Ursprünglich hatte es in Pinneberg nie eine Jüdische Gemeinde gegeben. Anders als in Elmshorn und vor allem in Altona. Am 6. Dezember 2002 fand dann die Gründungsversammlung statt - auf den Tag genau 41 Jahre nachdem ein Transport mit Juden auch aus Pinneberg ins Konzentrationslager bei Riga gefahren war. In einem Kelleraum der Diakonie trafen sich 17 Menschen jüdischen Glaubens. 15 von ihnen stammten aus der ehemaligen Sowjetunion. So wie die Eltern von Anna Mitelman, die heute mit Annette Eichenauer und Wolfgang Seibert den Gemeindevorstand bildet. "In der Sowjetunion waren wir 70 Jahre lang Atheisten."

"Es war wie ein Kulturkreis, man suchte die Gemeinschaft", sagt Seibert. Er spricht vom Wagnis, das damals eingegangen worden sei. "Wir saßen zusammen und hatten alle keine Ahnung."
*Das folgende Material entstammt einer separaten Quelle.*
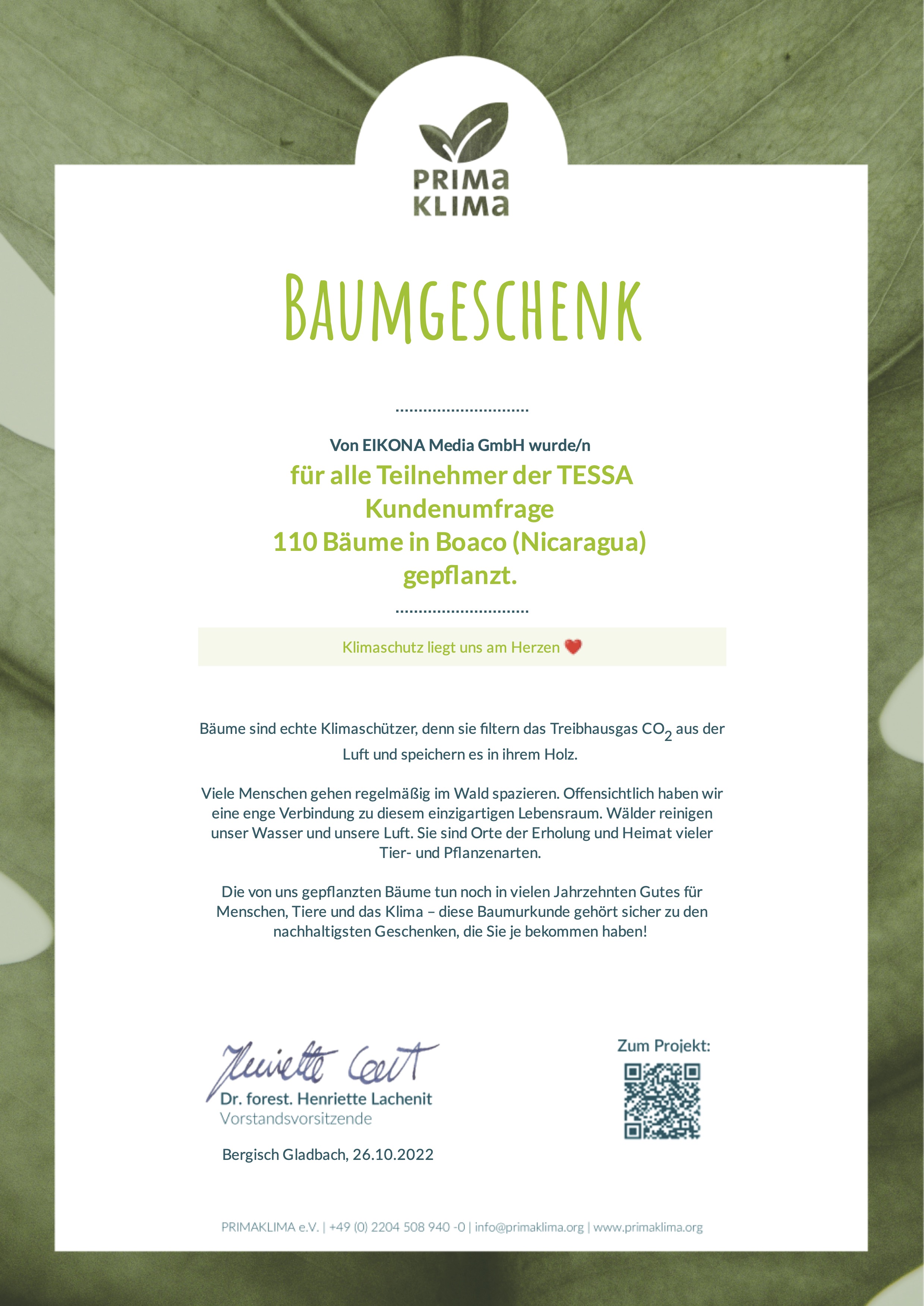 PRIMAKLIMA is a non-profit organization founded in 1991, dedicated to active climate protection and the preservation and expansion of forests. These forests are indispensable as climate protectors; therefore, PRIMAKLIMA has planted 13.5 million trees worldwide. Forests naturally lower the CO₂ content in the atmosphere and act as a carbon store within ecosystems. A holistic approach is essential for their work, which is why projects span four continents. These efforts contribute to the economic, social, and ecological development of their respective regions. PRIMAKLIMA’s vision is for everyone to take responsibility for the climate—one of the main reasons we chose this organization.

Walter Blender, Vorstand der ebenfalls im Jahr 2002 gegründeten Jüdischen Gemeinde Bad Segeberg und heutiger Vorsitzender der Jüdischen Gemeinden Schleswig-Holsteins, sagte den Pinnebergern damals voraus, in Zukunft die größte Gemeinde im Land zu werden. Er behielt Recht. Aus den 17 Gründungsmitgliedern ist eine 250-köpfige Gemeinschaft geworden. Damit rangiert Pinneberg vor allen anderen Gemeinden im Norden.
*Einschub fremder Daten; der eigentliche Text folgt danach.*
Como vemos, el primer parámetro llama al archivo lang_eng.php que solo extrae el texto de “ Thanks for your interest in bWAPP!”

"Es gab keine rituellen Gegenstände, kein Gebetbuch. Nur viel Mut und Freude am Aufbau der Gemeinde", sagt Seibert über die Anfangstage. Schon nach einem Jahr zählte die Gemeinde fast 90 Mitglieder. "Die Entwicklung damals hat uns überrollt", sagt der Gemeindevorsitzende. Immer noch geben Gläubige aus osteuropäischen Staaten wie der Ukraine, Moldawien und Russland den Ton an. Sie stellen 75 Prozent der Gemeindemitglieder. "Unsere Gebetbücher sind auf Hebräisch, auf Deutsch und auf Russisch, damit alle verstehen, was sie beten", so Seibert. In den Mitgliederlisten finden sich jedoch darüber hinaus Menschen aus Frankreich, den USA, den Niederlanden, aus Japan und natürlich aus Israel. Der Mitgliederzuwachs ist inzwischen eher moderat.

Die Gemeinde zog zwischenzeitlich in Räume auf dem Gelände der ehemaligen ILO-Werke am Bahnhof, später an die Oeltingsallee. Dann fanden die Juden eine Heimat in ihrem jetzigen Zentrum am Clara-Bartram-Weg in einem Gebäude der Stiftung "Wir helfen uns selbst". Im Jüdischen Gemeindezentrum gibt es regelmäßig Kaffeerunden für Senioren, Deutsch-Unterricht, Konzerte und Vorträge, die sich eben nicht nur an die Gemeindemitglieder richten. "Wir sind im regelmäßigen interreligiösen Dialog, auch mit der Islamischen Gemeinde", sagt Wolfgang Seibert. "Wir werden gut von der Bevölkerung akzeptiert." Die Öffnung nach außen ist für ihn von elementarer Bedeutung. "Je offener wir mit anderen umgehen, desto weniger Vorurteile gibt es. Hätten wir damit vor 100 Jahren angefangen, wäre vieles vielleicht gar nicht passiert."

Wer nicht auf der Ehrengästeliste steht, aber dennoch am 8. Dezember mit der Jüdischen Gemeinde feiern möchte, muss seinen Personalausweis mitbringen. Bei aller Offenheit ist das Jüdische Zentrum doch auch eine Trutzburg, an der nicht nur die massive Eingangstür Sicherheit verheißt.